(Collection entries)

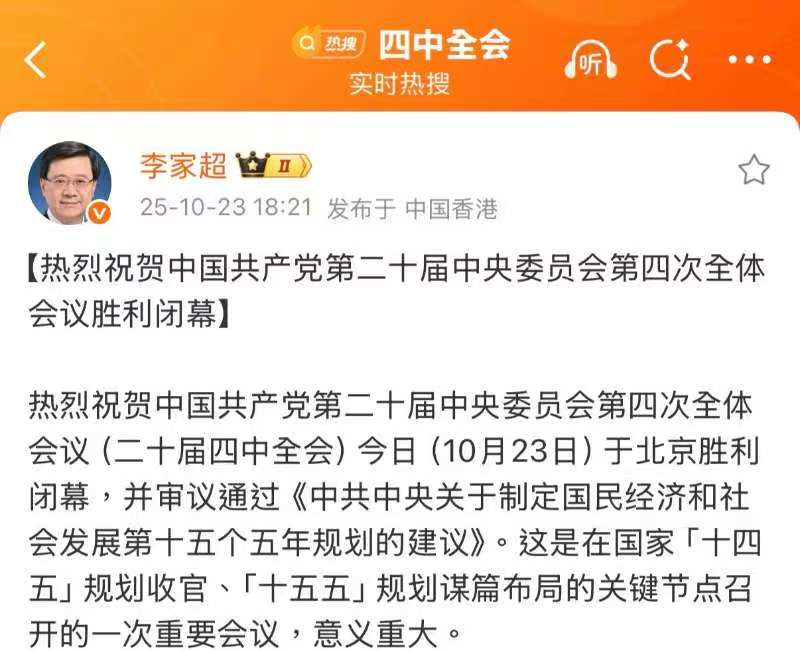香港中通社10月23日電 中國共產黨第二十屆中央委員會第四次全體會議23日於北京閉幕,審議并通過《中共中央關於制定國民經濟和社會發展第十五個五年規劃的建議》。香港特區行政長官李家超發文祝賀二十屆四中全會勝利閉幕,表示這是在國家“十四五”規劃收官、“十五五”規劃謀篇布局的關鍵節點召開的一次重要會議,意義重大。
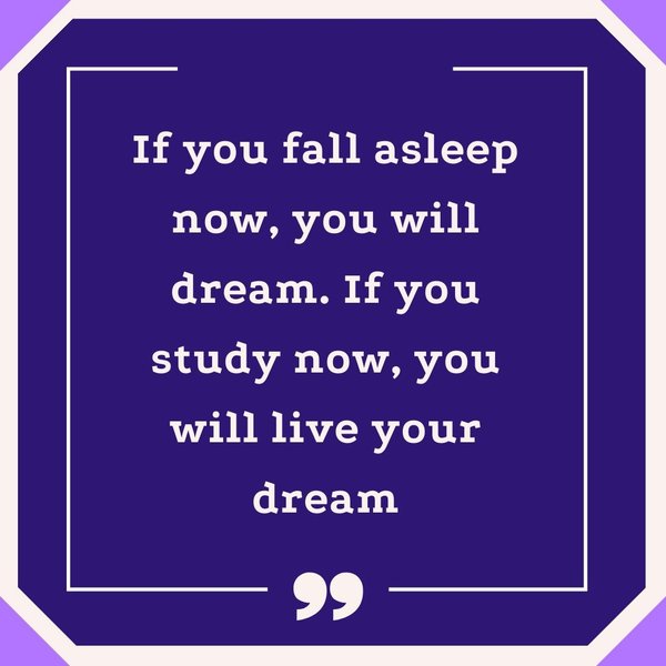 If you fall asleep now, you will dream. If you study now, you will live your dream — Если ты сейчас уснешь, тебе приснится сон. Но если ты будешь сейчас учиться, твои сны/мечты станут явью. Ставьте лайк ️
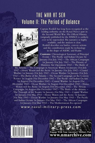 Captain Roskill has long been recognised as the leading authority on the Royal Navy's part in the Second World War. His Official History (originally published for the HMSO) is unlikely ever to be superseded. His narrative is highly readable, and the analysis is clear. Roskill describes sea battles, convoy actions and the contribution made by technology in the shape of ASDIC and Radar. Contents: Chronological Summary of Principal Events - The Pacific and Indian Oceans 1st January-31st July 1942 - The African Campaigns 1st January-31st July 1942 - The Priority of Maritime Air Operations 1942 - The Battle of the Atlantic - The Campaign in American Waters 1st January-31st July 1942 - Home Waters and the Arctic 1st January-31st July 1942 - Coastal Warfare 1st January-31st July 1942 - Ocean Warfare 1st January-31st July 1942 - The Battle of the Atlantic - The Second Campaign on the Convoy Routes 1st August-31st December 1942 - The Pacific and Indian Oceans 1st August-31st December 1942 - Coastal Warfare 1st August-31st December 1942 - Ocean Warfare 1st August-31st December 1942 - Home Waters and the Arctic 1st August-31st December 1942 - The African Campaigns 1st August-31st December 1942 - The Battle of the Atlantic - The Triumph of the Escorts 1st January-31st May 1943 - Coastal Warfare 1st January-31st May 1943 - Home Waters and the Arctic 1st January-31st May 1943 - Ocean Warfare 1st January-31st May 1943 - The Pacific and Indian Oceans 1st January-31st May 1943 - The African Campaigns 1st January-31st May 1943 - The Mediterranean Re-opened
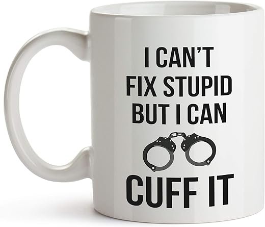 - 🎁 [Best Gift for Police Officers] – Our funny coffee mugs make great police officer gifts for men and women with the design that says “I can’t fix stupid, but I can cuff it.” Let your cop friend or police husband enjoy his every sip of coffee with this police chief mug.
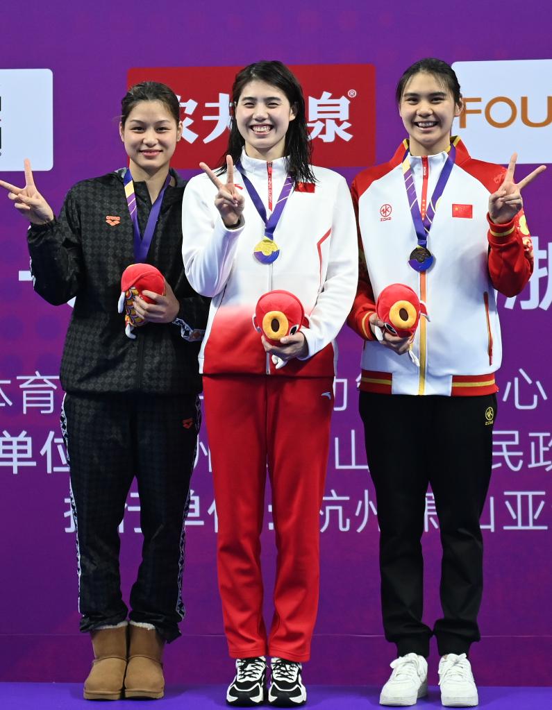 5月2日,男子100米蛙泳冠军覃海洋(中)、亚军闫子贝(左)和季军孙佳俊在颁奖仪式上。
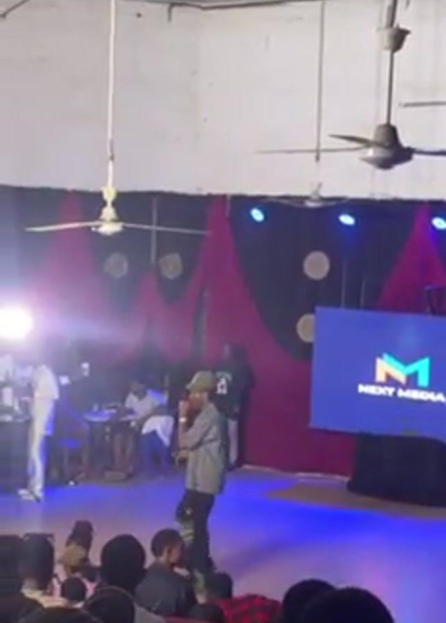 Here is a detailed description of the video: The video shows a man performing on a stage in front of an audience. The performer is wearing a plaid shirt, black pants with green stripes, and a cap. He is holding a microphone and gesturing with his hands. Behind him is a large screen displaying the "NEXT MEDIA" logo. There are also red curtains and round decorative pieces on the back wall. Several people are seated on the stage, while others are in the audience. Overhead, there are ceiling fans. The lighting is bright, with spotlights focused on the performer.
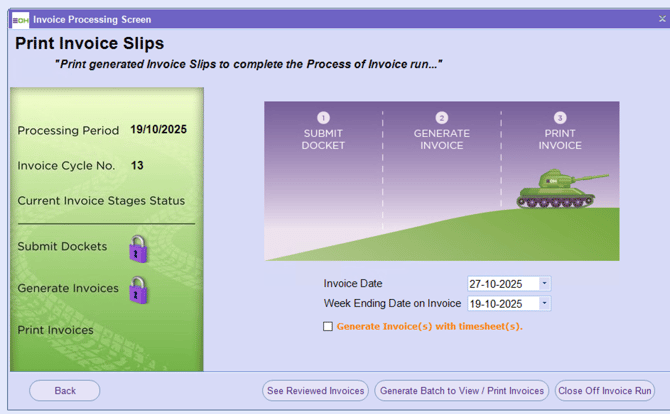 Hank the Tank now indicates that we are at the Print Invoice step of the invoice run. This step is responsible for generating the batch of emails to be sent to clients with attached invoices, and also the batch of paper-based invoices to be printed, where clients have opted for posted invoices.
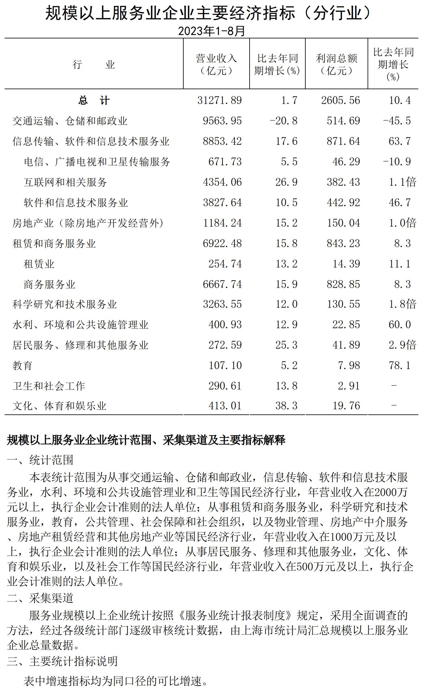 2023年1-8月规模以上服务业企业主要经济指标(分行业)
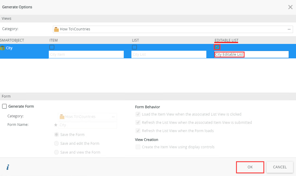 - Check the box below Editable List to create the City Editable List view. The name is populated by default. Click OK.
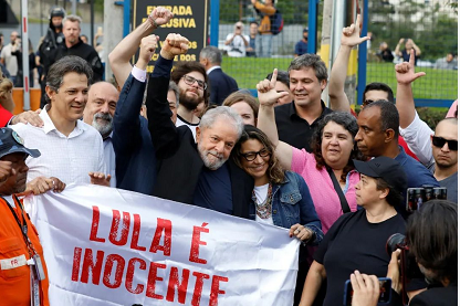 2019年11月8月,巴西前总统卢拉出狱。图自央视
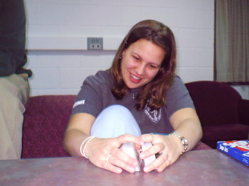 Wow Meghan... WOW... hehehe ok, so she was the second, it was actually really cool how we met, she just happened to pass my room and asked if i wanted to watch Conan, which OF COURSE i did :P so i took matt down to her room with me and we seriously spent 3 hours talking and at the end of the night we were like best friends.. of course also at the end of the ngiht we were accausted by drunken people for whom we needed to call security....Meg is the funniest person i have EVER met.... anything she says just makes you laugh, even if it's not intentionally funny :P
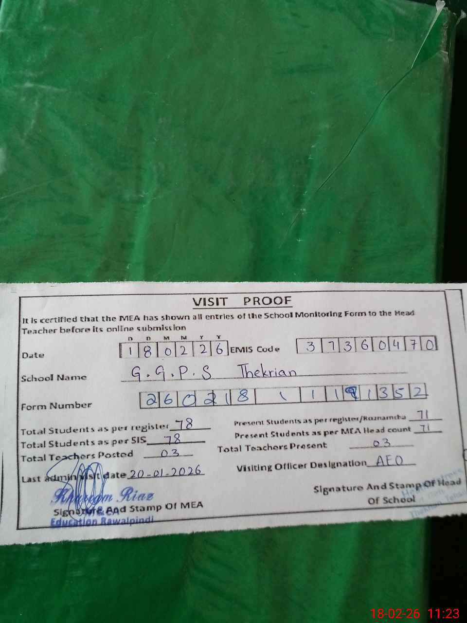 | EMIS Code: 37360470 | Name of School: GGPS THAKRIAN | |||
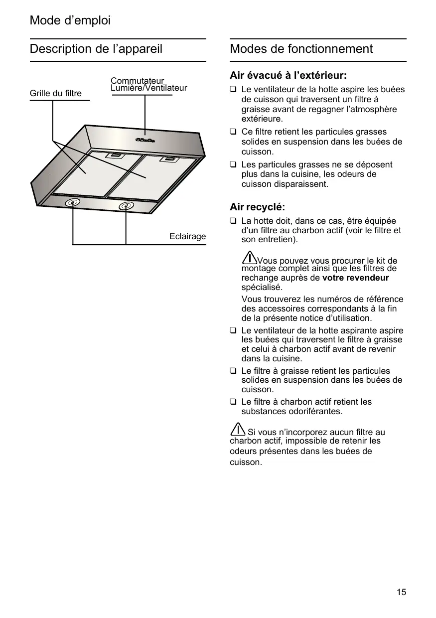 Vous pouvez vous procurer le kit de montage complet ainsi que les filtres de rechange auprès de votre revendeur spécialisé. Vous trouverez les numéros de référence des accessoires correspondants à la fin de la présente notice d’utilisation. ❑ Le ventilateur de la hotte aspirante aspire les buées qui traversent le filtre à graisse et celui à charbon actif avant de revenir dans la cuisine. ❑ Le filtre à graisse retient les particules solides en suspension dans les buées de cuisson. ❑ Le filtre à charbon actif retient les substances odoriférantes. Si vous n’incorporez aucun filtre au charbon actif, impossible de retenir les odeurs présentes dans les buées de cuisson.
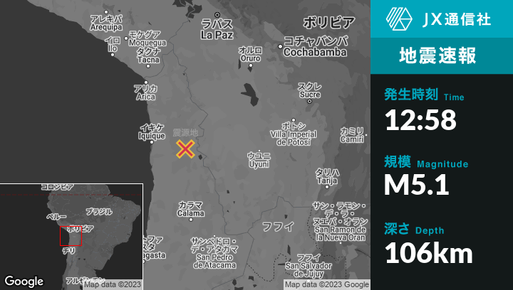 | 震源地 | チリのLa Tiranaから東57kmの地点 |
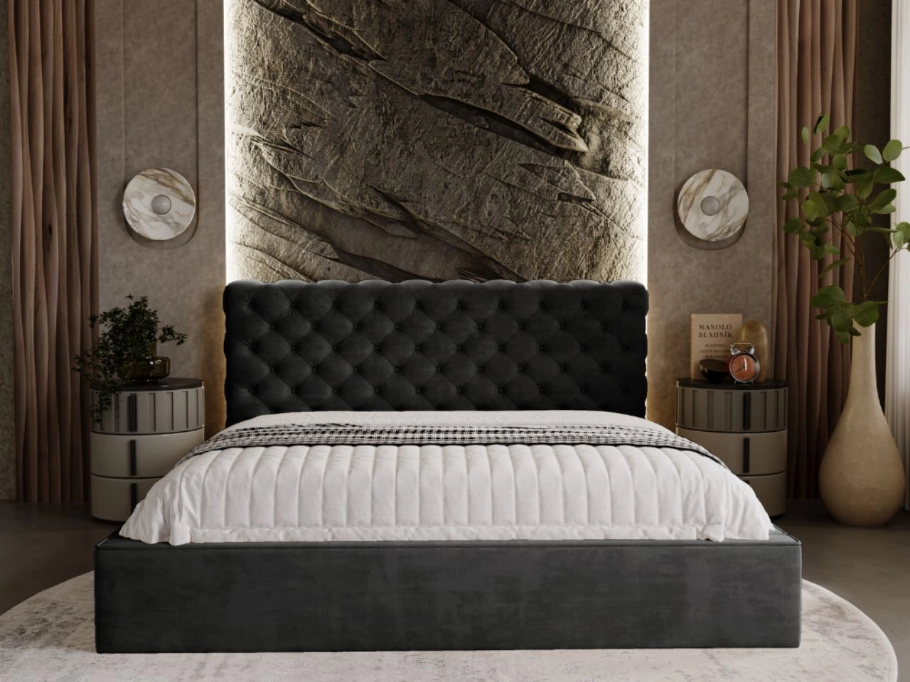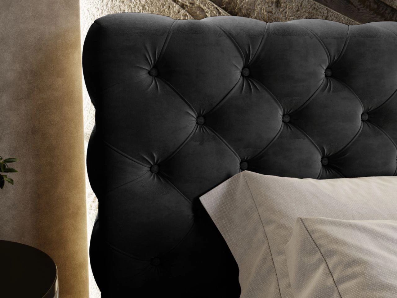 Polsterbett Apollo ist die perfekte Wahl für Liebhaber des eleganten Stils. Es verfügt über ein hohes, gestepptes Kopfteil, das mit einem hochwertigen Veloursstoff bezogen ist. Inspiriert vom Barockstil ist Bett Apollo mit zahlreichen Ornamenten und Accessoires reich verziert. Tief gesteppte Knöpfe verleihen ihm zusätzlichen Charme.
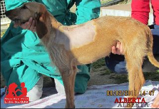 ALBERTA war die Hündin eines Jägers, wurde, wie fast immer, ausgebeutet, schlecht behandelt - und dann weggeschmissen. Sie lebte Jahre an der Kette, war Wind und Wetter und damit auch den brennenden Sonnenstrahlen auf SARDINIEN ausgesetzt. Als sich ein Geschwür auf ihrem Körper bildete, wurde sie zum Einschläfern im Tierheim von Olbia abgegeben. Dort sorgt sich seit Jahren Cosetta Prontu mit allem Nachdruck für die im Heim lebenden 700! Hunde. Eine Operation brachte gute Ergebnisse bei Alberta, aber, um die Krebsgeschwülste ganz zu besiegen, ist eine Radiotherapie in einer Spezialklinik in Sasso Marconi erforderlich.
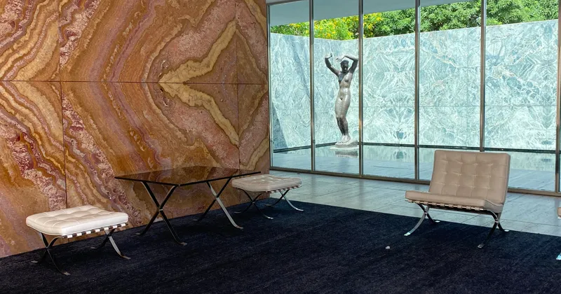 Pur nato per accogliere la delegazione tedesca, non espone nulla se non sé stesso. Nessun ornamento, nessun simbolo: Mies van der Rohe e Lilly Reich scelgono la sottrazione come metodo.
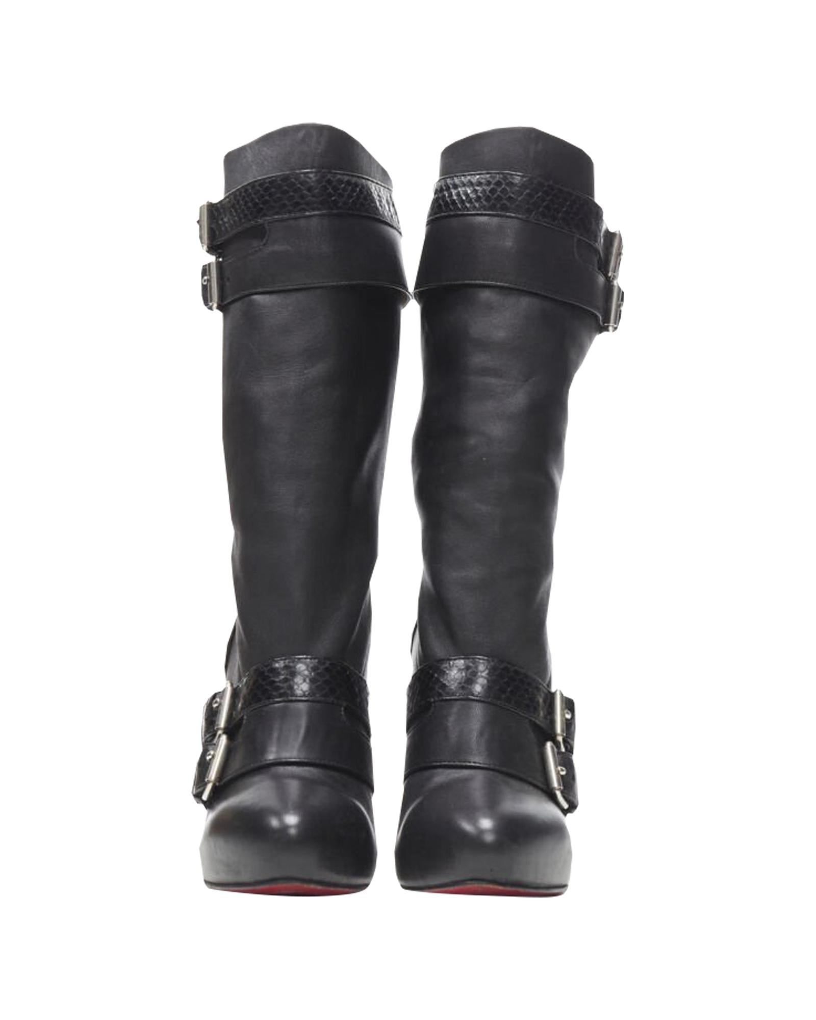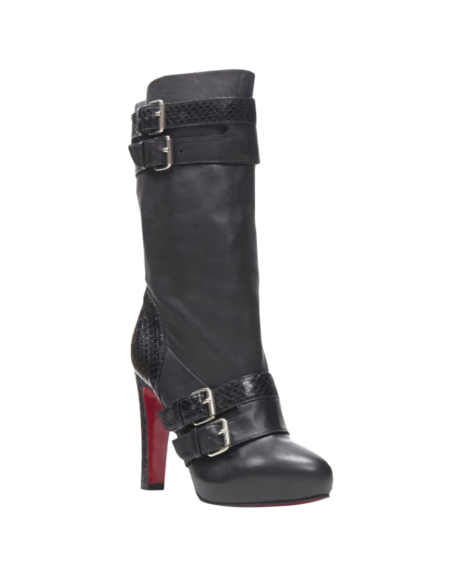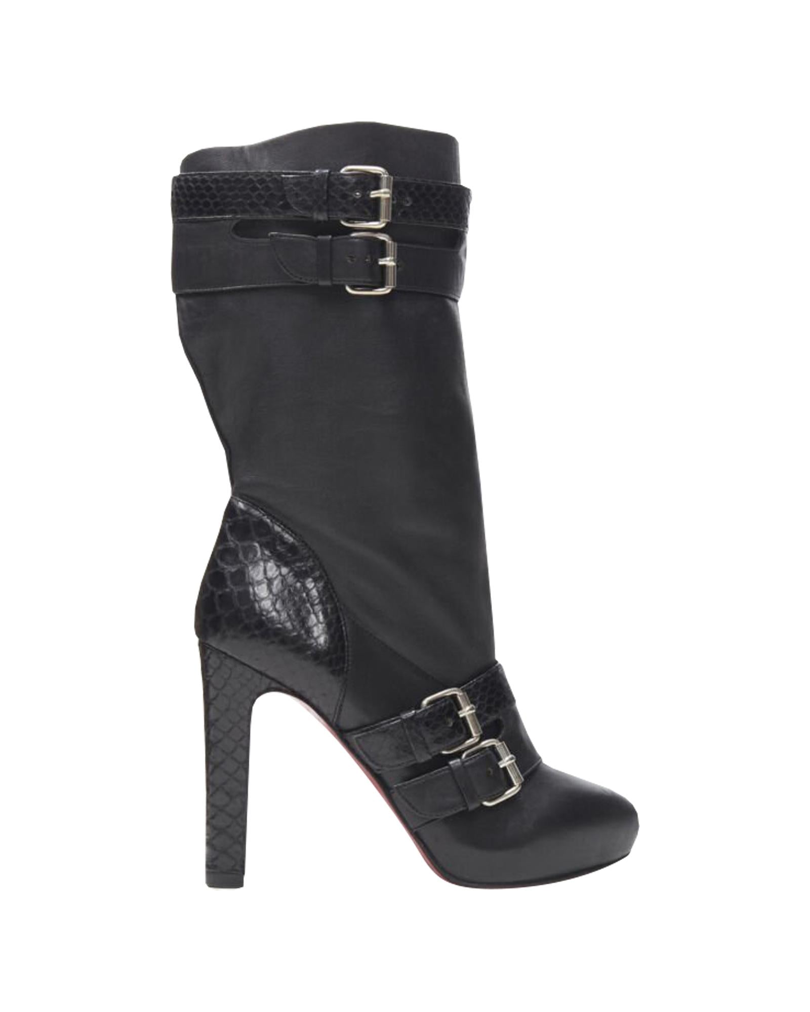 Pre-owned High Heel Boots with Buckle Detail and Textured Accents
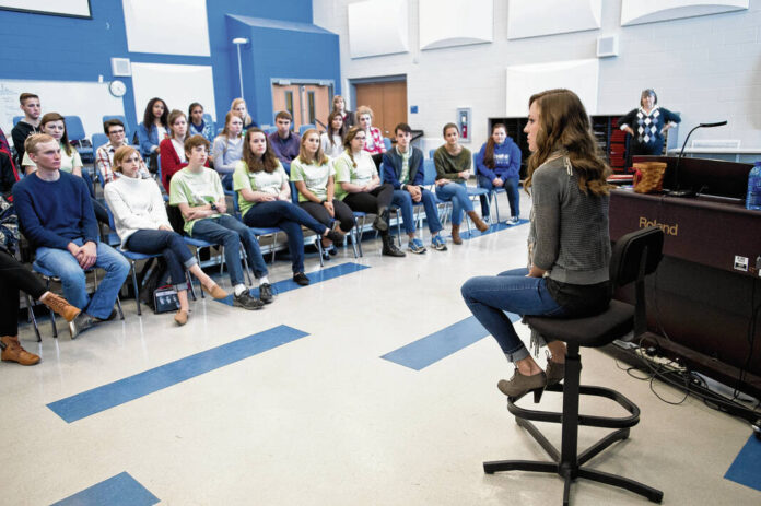 Broadway singer Laura Osnes visited Columbus North High School to critique the show choir’s performance and give students advice on how to better connect with the material they were performing.

▶ **Your task**: Beginning with the line above that has "- Check the" and going on through the line that has "2019年11月8月,巴西前总统卢拉出狱。图自央视", retype every line exactly and add nothing else; drop the pictures.

▶ **Output for this exercise**:
 - Check the box below Editable List to create the City Editable List view. The name is populated by default. Click OK.
 2019年11月8月,巴西前总统卢拉出狱。图自央视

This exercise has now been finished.